* **TASK OBJECTIVE**
Set down precisely the lines from the line with "Personalized Merry Christmas;" through the end of the material, inclusive, and no pictures.

* **SUPPLIED MATERIAL**
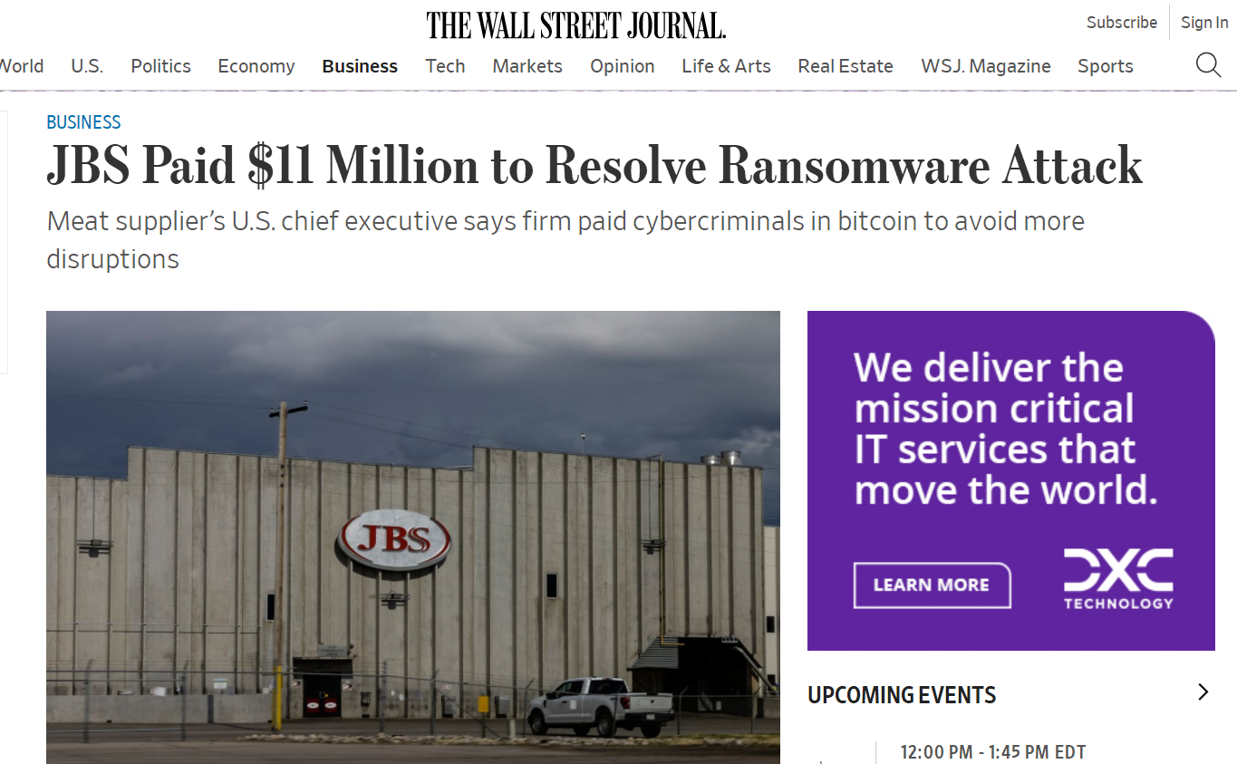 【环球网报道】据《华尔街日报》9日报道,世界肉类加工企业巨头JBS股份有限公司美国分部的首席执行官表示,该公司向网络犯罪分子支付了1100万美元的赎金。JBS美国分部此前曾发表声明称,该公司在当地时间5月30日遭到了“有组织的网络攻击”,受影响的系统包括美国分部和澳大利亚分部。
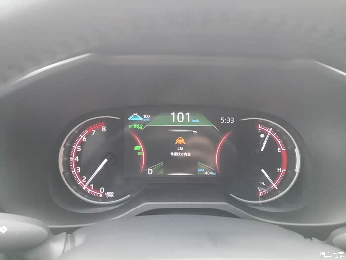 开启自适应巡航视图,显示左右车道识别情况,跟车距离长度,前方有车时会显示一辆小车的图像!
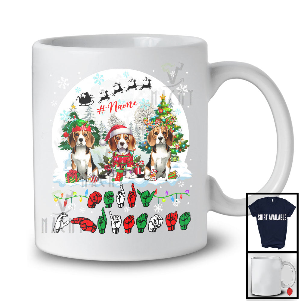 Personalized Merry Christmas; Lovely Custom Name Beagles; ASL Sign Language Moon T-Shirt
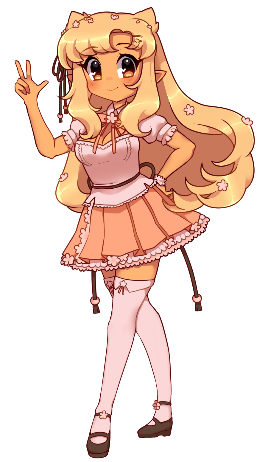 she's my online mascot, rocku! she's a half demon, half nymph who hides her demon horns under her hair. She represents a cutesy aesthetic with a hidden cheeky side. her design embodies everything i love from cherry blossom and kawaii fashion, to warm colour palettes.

* **SOLUTION TO THIS EXERCISE**
 Personalized Merry Christmas; Lovely Custom Name Beagles; ASL Sign Language Moon T-Shirt
 she's my online mascot, rocku! she's a half demon, half nymph who hides her demon horns under her hair. She represents a cutesy aesthetic with a hidden cheeky side. her design embodies everything i love from cherry blossom and kawaii fashion, to warm colour palettes.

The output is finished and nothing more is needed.